La technique FTIR permet de mesurer simultanément de nombreuses espèces atmosphériques d’origine biogénique et de feux de biomasse, telles que le méthane, le monoxyde de carbone ou de nombreux composés organiques volatiles (COVs) comme l’éthane, l’acétylène, le formaldéhyde, le méthanol, ou encore l’acide formique.

Certaines espèces sont plus difficiles à détecter car leur signature spectrale est très faible. C’est le cas de l’isoprène alors qu’il s’agit du COV le plus abondant dans l’atmosphère.

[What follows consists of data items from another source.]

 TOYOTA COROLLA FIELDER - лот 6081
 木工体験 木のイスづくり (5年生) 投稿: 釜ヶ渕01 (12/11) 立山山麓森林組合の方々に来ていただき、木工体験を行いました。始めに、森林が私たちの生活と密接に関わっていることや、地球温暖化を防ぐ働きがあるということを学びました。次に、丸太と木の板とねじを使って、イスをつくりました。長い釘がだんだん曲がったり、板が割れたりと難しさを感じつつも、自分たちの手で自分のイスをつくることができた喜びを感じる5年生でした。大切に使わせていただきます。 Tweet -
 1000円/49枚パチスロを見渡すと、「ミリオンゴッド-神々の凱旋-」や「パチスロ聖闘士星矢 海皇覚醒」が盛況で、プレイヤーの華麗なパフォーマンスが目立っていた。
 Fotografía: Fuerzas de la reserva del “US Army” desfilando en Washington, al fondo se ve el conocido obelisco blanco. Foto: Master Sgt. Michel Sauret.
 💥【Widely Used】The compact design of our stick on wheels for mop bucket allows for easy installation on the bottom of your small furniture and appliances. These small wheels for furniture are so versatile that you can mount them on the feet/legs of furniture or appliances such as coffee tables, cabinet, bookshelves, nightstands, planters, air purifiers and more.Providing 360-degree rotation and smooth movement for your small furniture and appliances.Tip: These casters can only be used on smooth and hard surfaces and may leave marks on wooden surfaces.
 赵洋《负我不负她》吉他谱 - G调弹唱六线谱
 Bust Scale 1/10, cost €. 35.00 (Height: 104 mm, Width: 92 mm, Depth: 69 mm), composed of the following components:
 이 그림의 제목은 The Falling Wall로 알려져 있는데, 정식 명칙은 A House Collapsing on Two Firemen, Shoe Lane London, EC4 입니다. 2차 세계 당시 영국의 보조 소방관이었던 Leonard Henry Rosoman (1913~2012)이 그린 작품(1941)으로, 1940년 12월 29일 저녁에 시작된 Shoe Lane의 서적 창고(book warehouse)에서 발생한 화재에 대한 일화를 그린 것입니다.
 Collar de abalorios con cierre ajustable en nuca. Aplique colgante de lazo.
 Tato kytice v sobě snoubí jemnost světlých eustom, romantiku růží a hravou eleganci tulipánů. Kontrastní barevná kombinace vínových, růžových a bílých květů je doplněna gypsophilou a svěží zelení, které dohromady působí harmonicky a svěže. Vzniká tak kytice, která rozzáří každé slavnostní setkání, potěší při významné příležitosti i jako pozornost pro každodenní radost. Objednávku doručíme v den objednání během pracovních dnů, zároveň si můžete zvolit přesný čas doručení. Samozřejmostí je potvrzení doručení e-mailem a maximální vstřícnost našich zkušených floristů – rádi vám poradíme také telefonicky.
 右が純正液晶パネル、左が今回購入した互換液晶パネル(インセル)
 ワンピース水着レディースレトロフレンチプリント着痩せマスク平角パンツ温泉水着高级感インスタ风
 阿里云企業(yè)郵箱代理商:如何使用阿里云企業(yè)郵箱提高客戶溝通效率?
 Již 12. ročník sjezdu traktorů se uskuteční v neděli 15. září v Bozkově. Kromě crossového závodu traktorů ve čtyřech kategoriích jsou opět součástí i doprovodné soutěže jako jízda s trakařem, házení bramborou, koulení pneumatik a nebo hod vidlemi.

Récemment, cette espèce a été détectée pour la première fois à l’aide de la technique FTIR (Wells et al., 2022) grâce à nos mesures à Porto Velho où la concentration d’isoprène est l’une des plus élevées du monde. 

Validation de satellites

Nos données uniques d’isoprène ont permis la validation d’un nouveau produit du satellite CrIS (Cross-track Infrared Sounder), ce qui est primordial avant que ces données ne soient utilisées dans des modèles de chimie de l’atmosphère.

En effet, l’isoprène est également difficile à mesurer depuis l’espace et cette validation montre un biais systématique de 20 à 50% des mesures satellites (Wells et al., 2022).

Il est rare que les satellites présentent un biais constant. Il est souvent proportionnel à la concentration de l’espèce mesurée. Connaître cette proportionnalité permet de corriger les mesures satellites avant de les intégrer dans des modèles d’inversion qui utilisent les satellites pour optimiser les émissions de notre planète.

La validation du formaldéhyde des satellites TROPOMI et OMI à l’aide de données FTIR (Vigouroux et al., 2020) en est un exemple. Elle a été utilisée pour améliorer l’optimisation des émissions de COVs (Oomen et al., 2024, Müller et al., 2024). Notre station à Porto Velho ayant des concentrations très élevées pour les espèces émises par la forêt amazonienne (COVs, ammoniac, ….), elle permet de mieux quantifier cette proportionnalité du biais.

Outre le formaldéhyde, nos données de Porto Velho ont été plus récemment utilisées pour la validation du monoxyde de carbone et de l’ammoniac de IASI (projet CCI+ ozone precursors), ou encore d’autres COVs mesurés par CrIS (Wells et al., 2025).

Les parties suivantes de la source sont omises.